START Data below

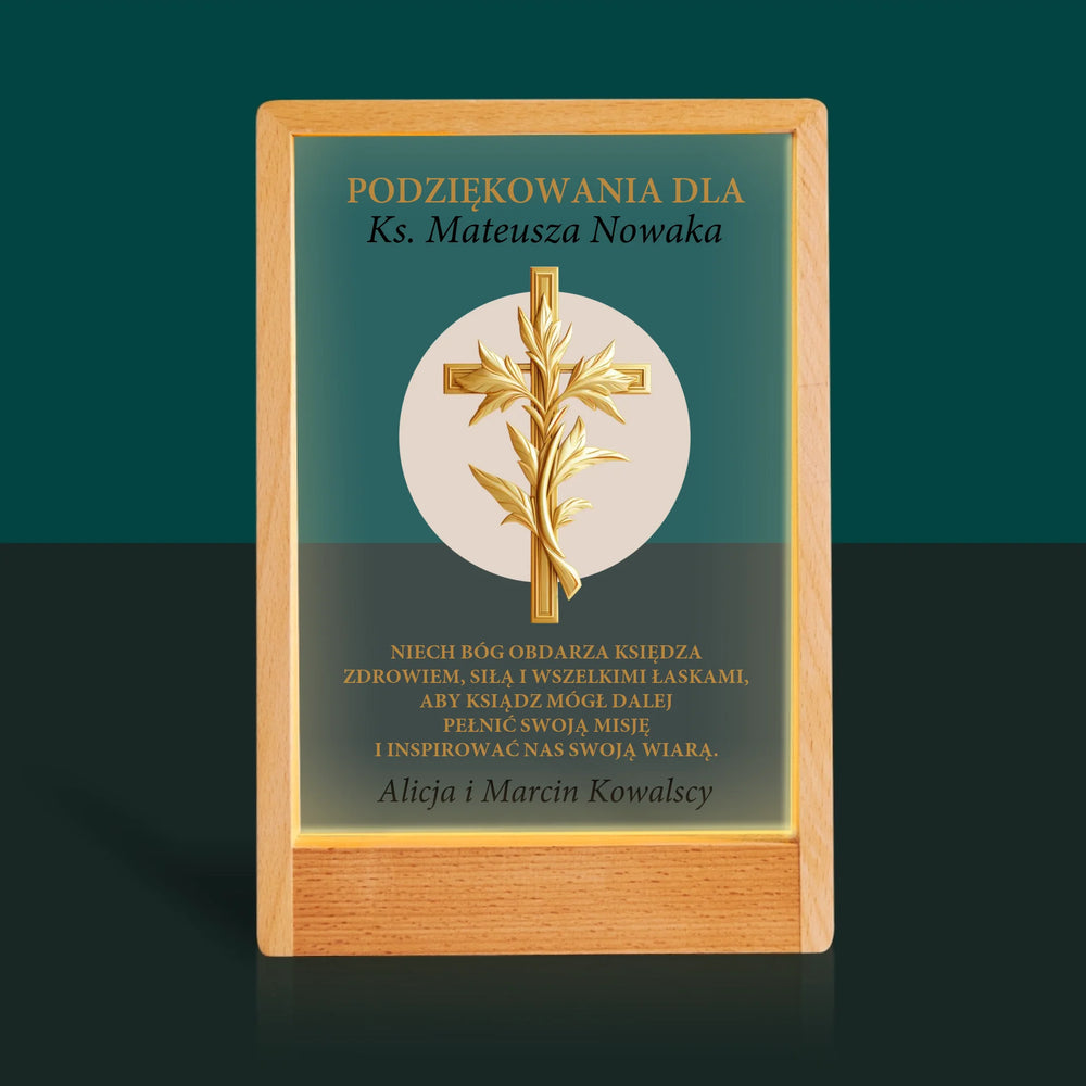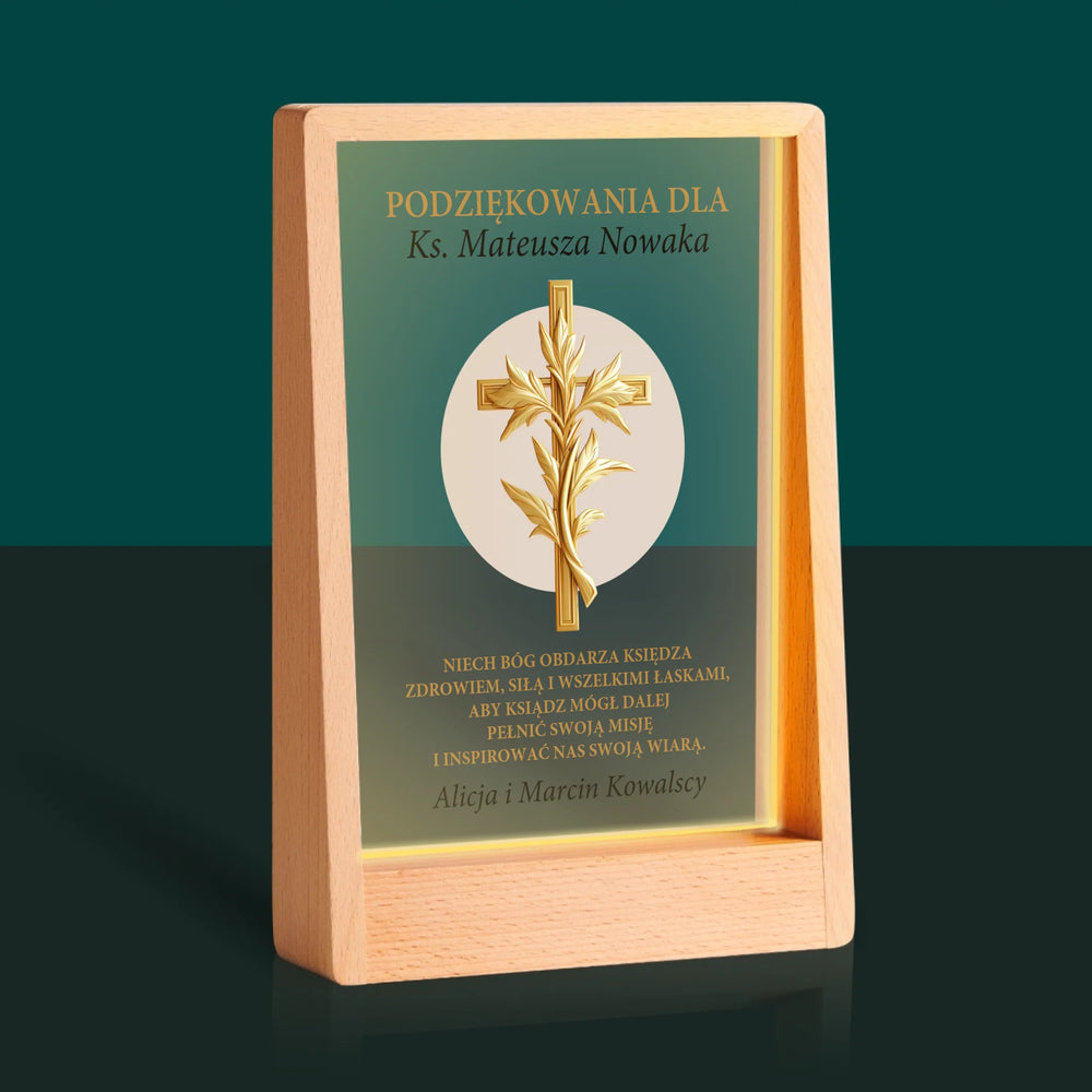 Imię i Podpis: Podziękowania Dla Księdza - Wydruk na szkle akrylowym w ramce LED
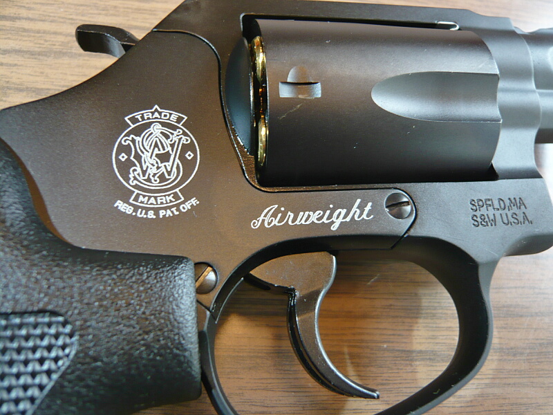 フレーム右面。スミス&ウェッソンのトレードマーク、「Airweight」の文字が印刷されています。
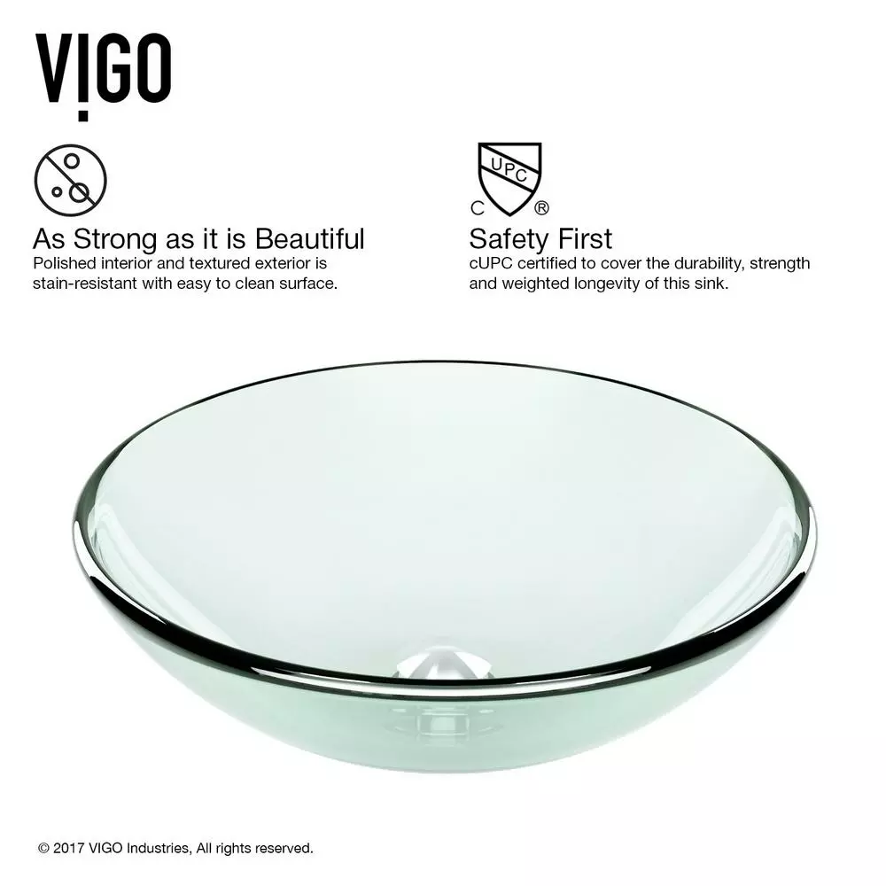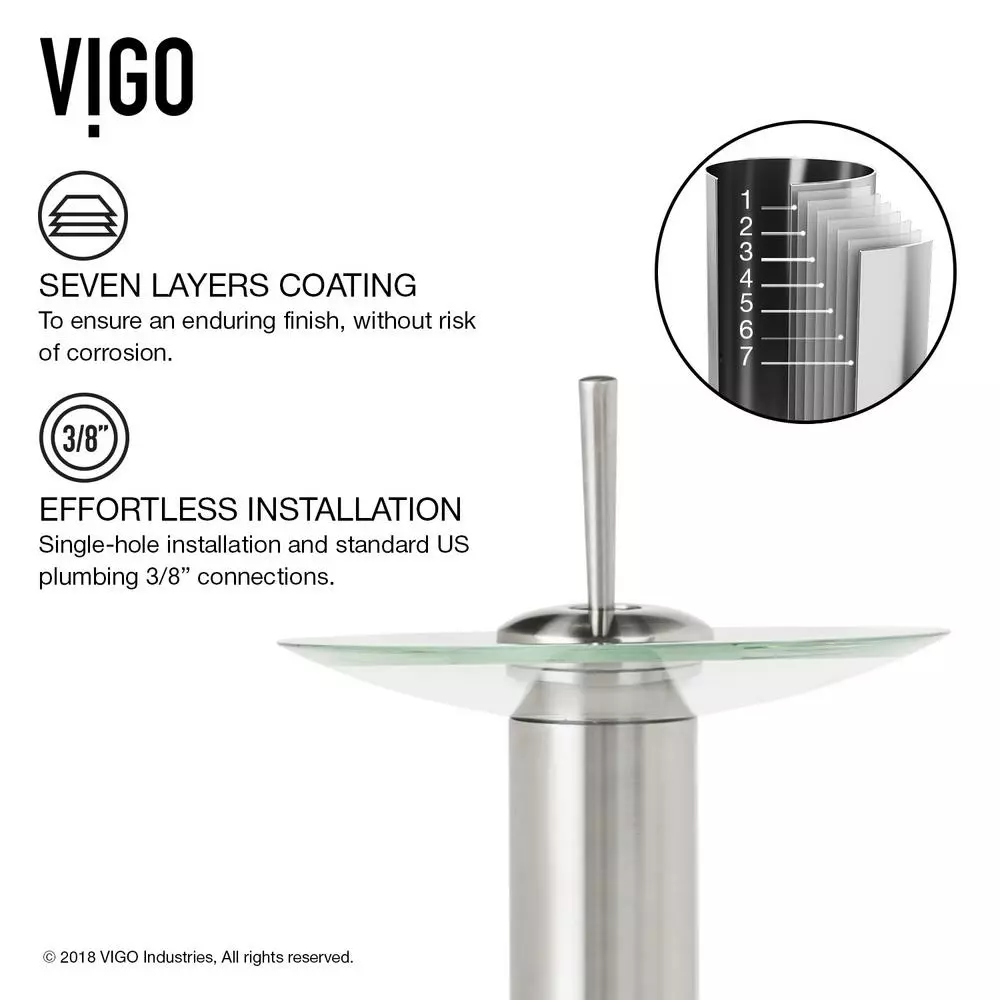 VIGO’s commitment to transparency goes beyond our exceptional customer service deliverables. The Crystalline Glass Vessel Sink and Waterfall Faucet Set features a crystal clear sink basin and matching tempered glass disc on the waterfall faucet. Durably built and made to last for years to come, this set resists scratches as well as impact. A solid-brass constructed faucet protects against rust, corrosion and tarnish to further enhance this set’s structure. A complementary pop-up drain in a finish matching that of the faucet completes this set.

END Data below

Your objective
Print the full listing exactly, dropping the pictures.

Answer
 Imię i Podpis: Podziękowania Dla Księdza - Wydruk na szkle akrylowym w ramce LED
 フレーム右面。スミス&ウェッソンのトレードマーク、「Airweight」の文字が印刷されています。
 VIGO’s commitment to transparency goes beyond our exceptional customer service deliverables. The Crystalline Glass Vessel Sink and Waterfall Faucet Set features a crystal clear sink basin and matching tempered glass disc on the waterfall faucet. Durably built and made to last for years to come, this set resists scratches as well as impact. A solid-brass constructed faucet protects against rust, corrosion and tarnish to further enhance this set’s structure. A complementary pop-up drain in a finish matching that of the faucet completes this set.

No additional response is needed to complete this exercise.